Около часа мы шли до ближнего леска. Кое-где в ложбинках да в воронках белыми бликами еще лежал снег, но дорога была уже изрядно разъезжена, и от нее подымался легкий парок. Мимо нас к линии фронта тянулись одна за другой груженные продовольствием, снарядами и бочками с бензином машины. Пустая транспортная полуторка даже остановилась, хотя мы и не "голосовали". Из кабины высунулась голова:
- Подвезти, пехота?..
- Гвардейски благодарствую. - Сержант помахал шоферу рукой. - Вышли на прогулку.
На опушке леса мы остановились и свернули с дороги. Сержант шел впереди, я шел за ним. Глазами он все чего-то выискивал, скользя взглядом по вершинам стайки молоденьких елочек, стоявших вперемежку с березами, по которым, несмотря на близость дороги, не прошел разрушительный каток войны. Елочки, как на подбор, были одна стройнее другой, словно вспархивали своими круговыми ярусами веток в голубое небо, с которого солнце проливало водопад лучистого тепла и света.
- Ваня, ты глянь на эти елочки: все вроде бы одинаковые, будто одно семейство, словно ржаное поле одного посева, а когда вглядишься хорошенько - нет двух одинаковых елочек во всей этой рощице. Каждая имеет свое лицо, свой рост, свою стать, свой наряд. Я это давно заметил. Вот она какая, жизнь-то. Каждая козявка имеет свой облик.
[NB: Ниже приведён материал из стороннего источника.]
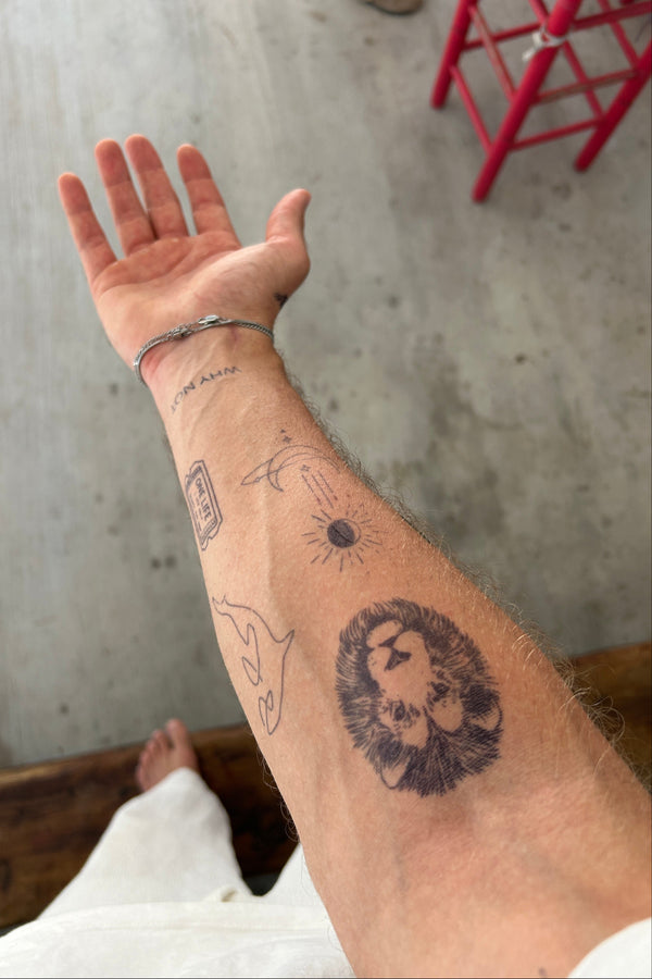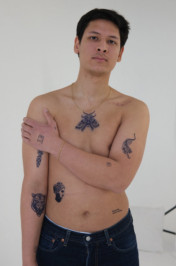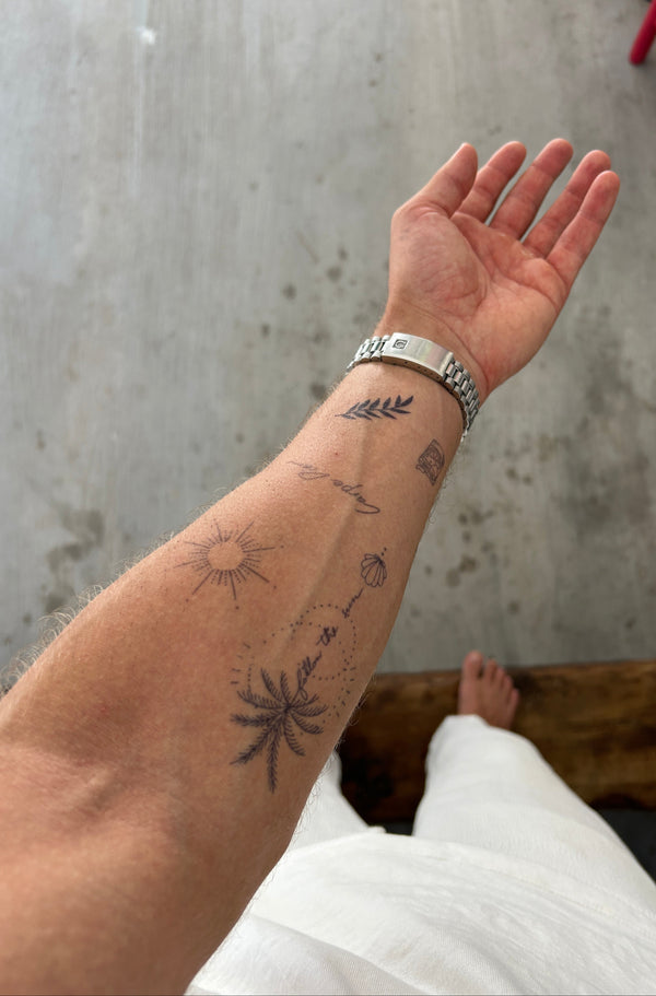 Unsere natürliche Inkster Tinte zieht in die erste Hautschicht ein und reagiert mit natürlichen Verbindungen in der Haut und der Luft, wodurch sie sich schwarz/blau färbt.
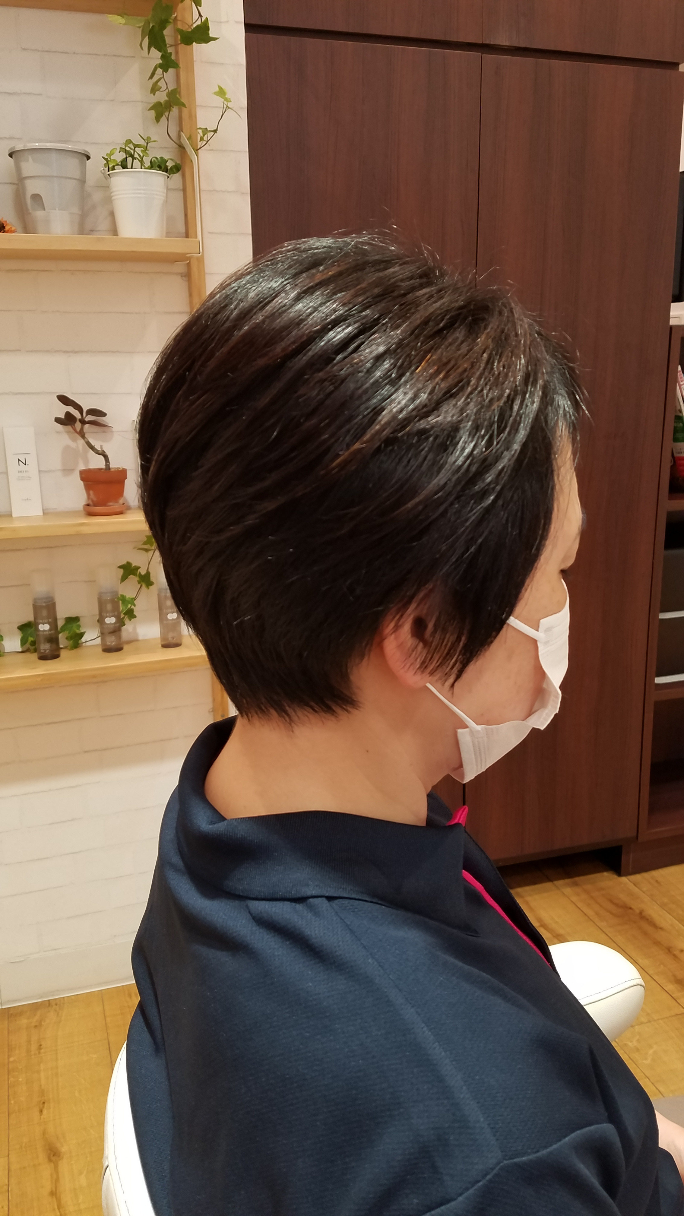 横は耳たぶのラインで切り後ろに流したオーダーの多いショートヘアです。

- А я заметил, что есть в природе и другая примета или вроде бы тайна, - возразил я сержанту. - Природа иногда сама любит равнять.
- Ваня, ты меня не напрягай, у меня еще от фурункулов голова не остыла. - Сержант достал из кобуры трофейный "браунинг" и зарядил всю обойму.
- Ты это зачем? - насторожился я, хотя по добродушной улыбке сержанта видел, что ничего дурного делать он не намеревается.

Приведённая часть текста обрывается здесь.